- [Problem to work on]: Nothing but the lines from the one that holds "3)тень стояла (над чем?)над игрушкой т.п." through the end of the material should be repeated, each exactly as it stands, and pictures stay out.

- [Input data]:
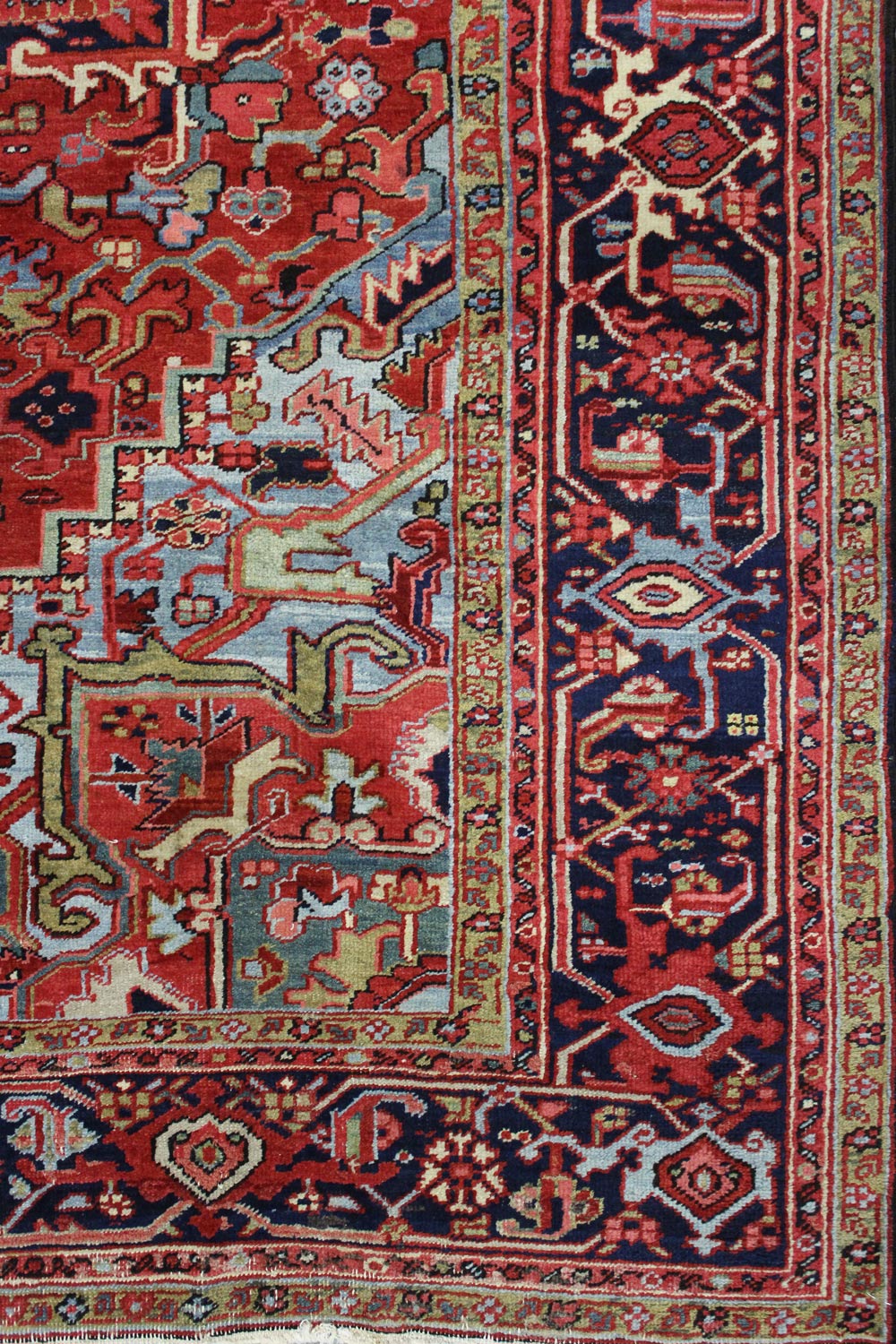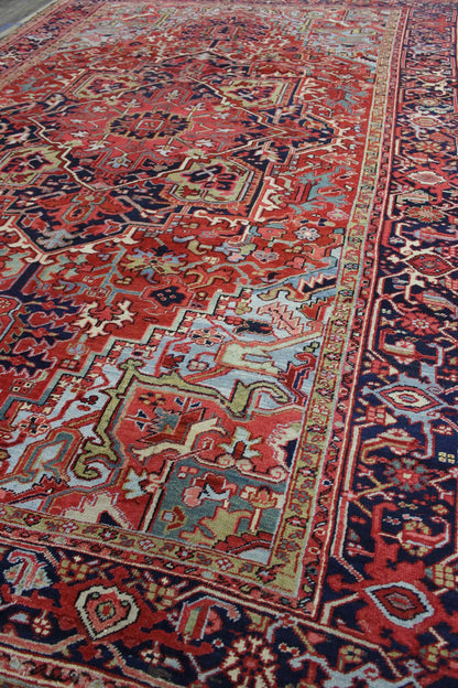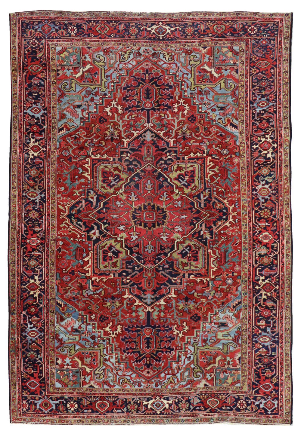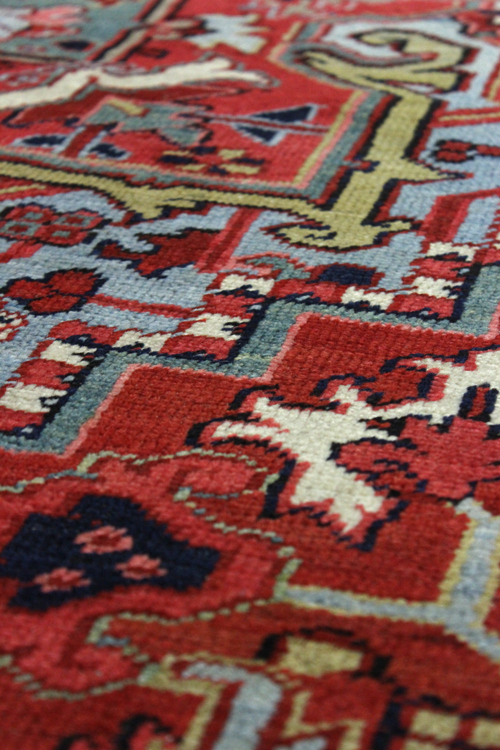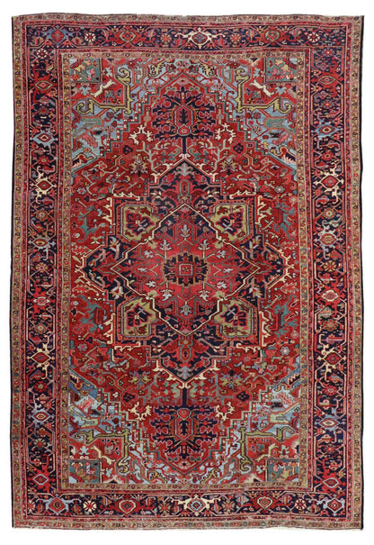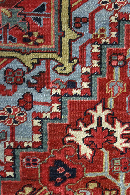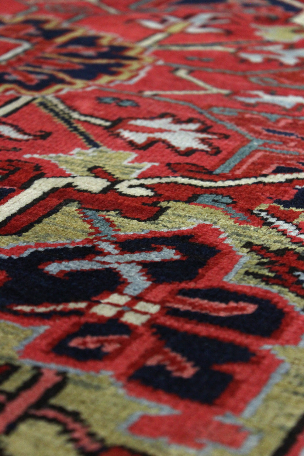Elevate your room’s style with our Antique Heriz Handwoven Tribal Rug (JF8607). The tribal Nomadic Persian & Turkish style, with its Heriz motif, is definitely a stunner that you’ll be proud to show off in your home. Its distinctive red, rust and blue palette will add charm, elegance, and that little bit of that ever-elusive je ne sais quoi. Plus, the wool pile on a cotton foundation used in this 8' 2" X 12' 0" rug accentuates its allure. But, this rug isn’t just worthy of gracing the pages of a design magazine. With its masterful Persian handwoven construction, this antique rug from around 1920 will be a prized possession for decades to come. Get your own show-stopping Antique Heriz Handwoven Tribal Rug today!
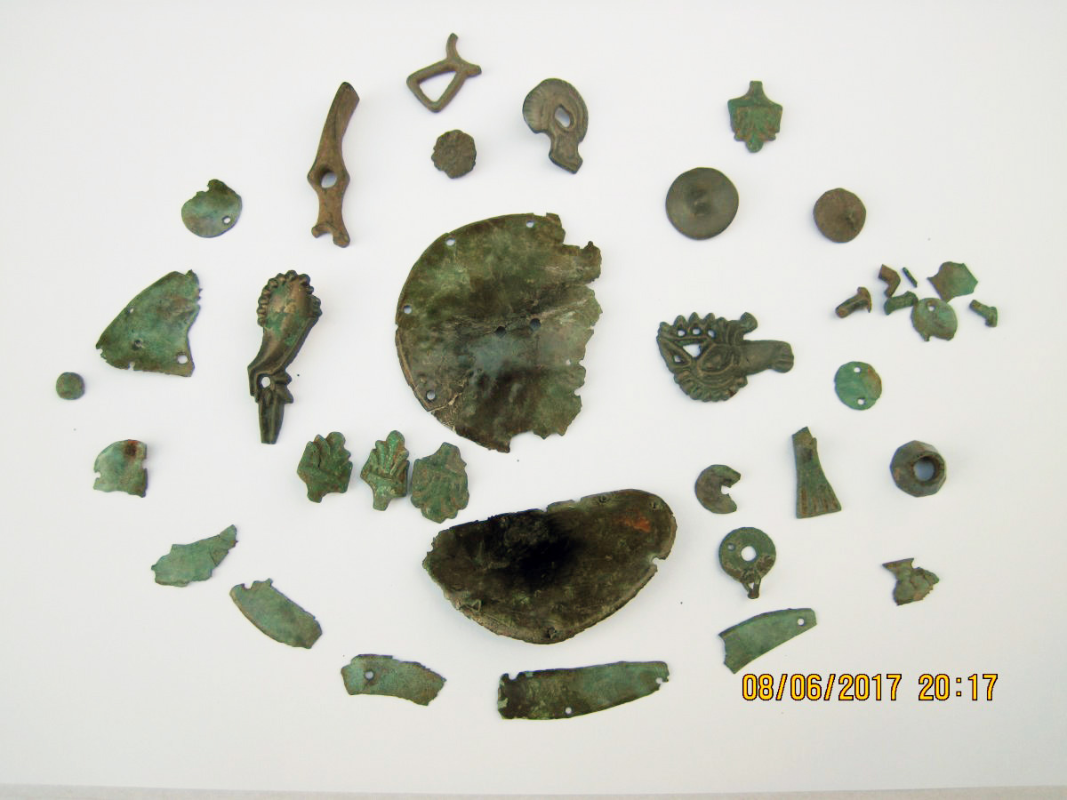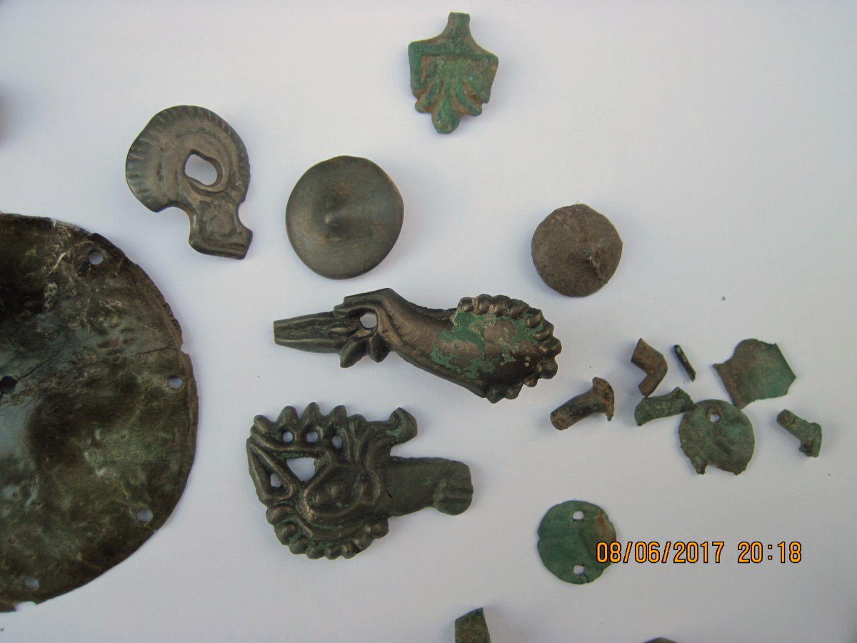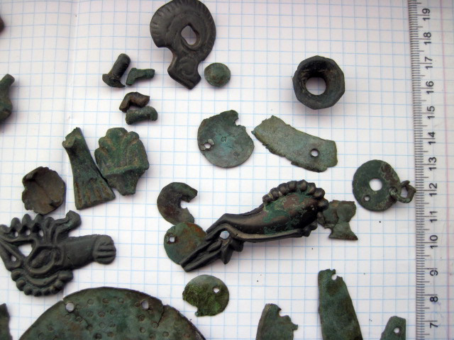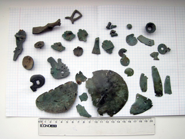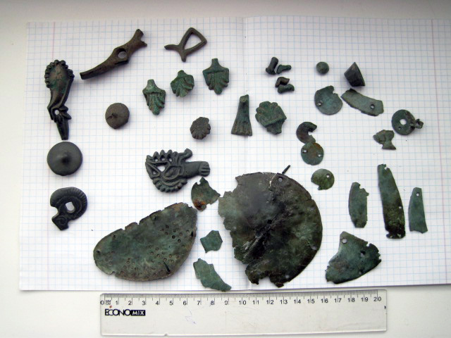 Украшения лошадиной сбруи, вероятно в старые времена представлявшие из себя единый комплект представил на REIBERT.info кладоискатель Aligator. В его состав входили: два фаллара (крупные круглые бляхи украшения коня), бляха с изображением головы лося, бляха в виде птичьей головы, бляха виде лягушачьей лапки, четыре бляшки с растительным орнаментом, и несколько других. Общий вес комплекса 202 г. на большинстве елементов есть солярные знаки. Многие предметы имеют очень старые повреждения.
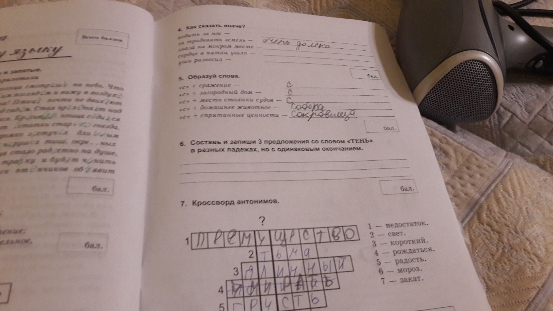 3)тень стояла (над чем?)над игрушкой т.п.
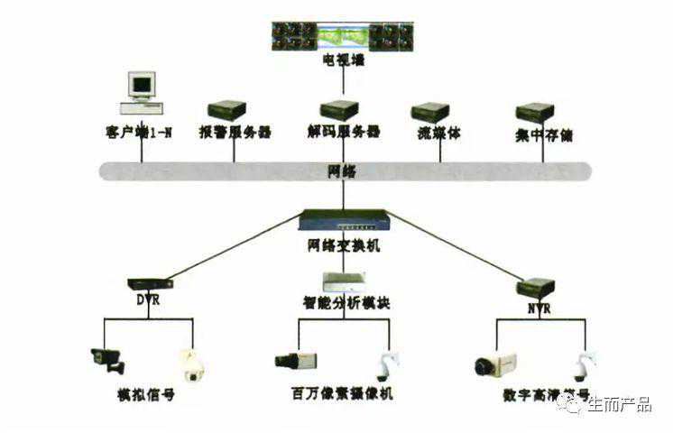 模拟监控阶段(1979—1983)早期的安防监控系统使用单位主要是一些非常重要的和特殊的单位和部门,系统由前端的模拟摄像机,后端的矩阵、磁带录像机和CRT电视墙构成。
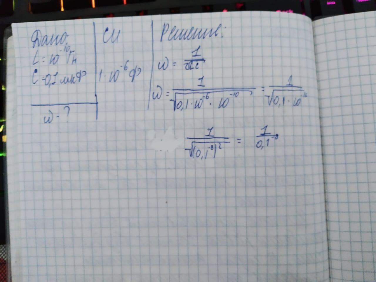 Определите частоту колебаний, созданных генератором на транзисторе. Колебательный контур состоит из конденсатора емкостью С = 0,1 мкФ и катушки индуктивностью L = 10^–10 Гн (десять в минус десятой степени)

- [Written response]:
 3)тень стояла (над чем?)над игрушкой т.п.
 模拟监控阶段(1979—1983)早期的安防监控系统使用单位主要是一些非常重要的和特殊的单位和部门,系统由前端的模拟摄像机,后端的矩阵、磁带录像机和CRT电视墙构成。
 Определите частоту колебаний, созданных генератором на транзисторе. Колебательный контур состоит из конденсатора емкостью С = 0,1 мкФ и катушки индуктивностью L = 10^–10 Гн (десять в минус десятой степени)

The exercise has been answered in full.